● **Prompt**
Using the records below, write out only the lines from the line containing "Arc System Works" up to and including the line containing "Von unbekannter Hand", exactly, with no pictures.
[Opening Records for this exercise section]
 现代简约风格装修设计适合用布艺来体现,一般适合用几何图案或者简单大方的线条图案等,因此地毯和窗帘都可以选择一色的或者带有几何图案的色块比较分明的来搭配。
[Closing Records for this exercise section]
[Opening Records for this exercise section]
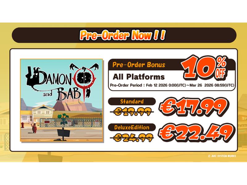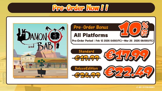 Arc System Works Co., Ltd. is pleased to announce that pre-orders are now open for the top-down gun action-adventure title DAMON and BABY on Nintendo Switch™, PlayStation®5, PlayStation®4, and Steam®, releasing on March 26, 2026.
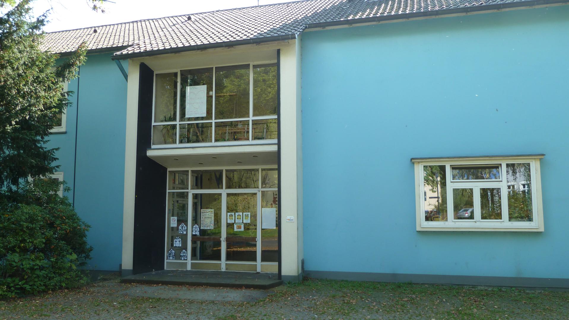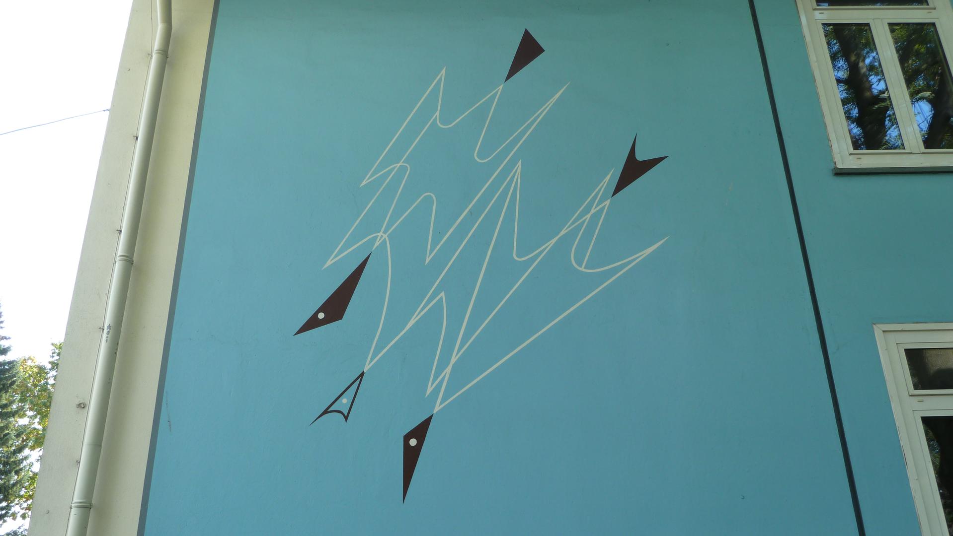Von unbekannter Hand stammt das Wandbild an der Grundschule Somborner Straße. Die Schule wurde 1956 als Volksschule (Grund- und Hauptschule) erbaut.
[Closing Records for this exercise section]
[Opening Records for this exercise section]
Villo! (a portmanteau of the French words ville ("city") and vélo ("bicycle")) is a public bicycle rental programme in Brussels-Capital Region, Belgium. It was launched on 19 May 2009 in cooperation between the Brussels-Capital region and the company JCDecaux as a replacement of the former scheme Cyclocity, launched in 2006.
[Closing Records for this exercise section]
● **Problem solution**
 Arc System Works Co., Ltd. is pleased to announce that pre-orders are now open for the top-down gun action-adventure title DAMON and BABY on Nintendo Switch™, PlayStation®5, PlayStation®4, and Steam®, releasing on March 26, 2026.
Von unbekannter Hand stammt das Wandbild an der Grundschule Somborner Straße. Die Schule wurde 1956 als Volksschule (Grund- und Hauptschule) erbaut.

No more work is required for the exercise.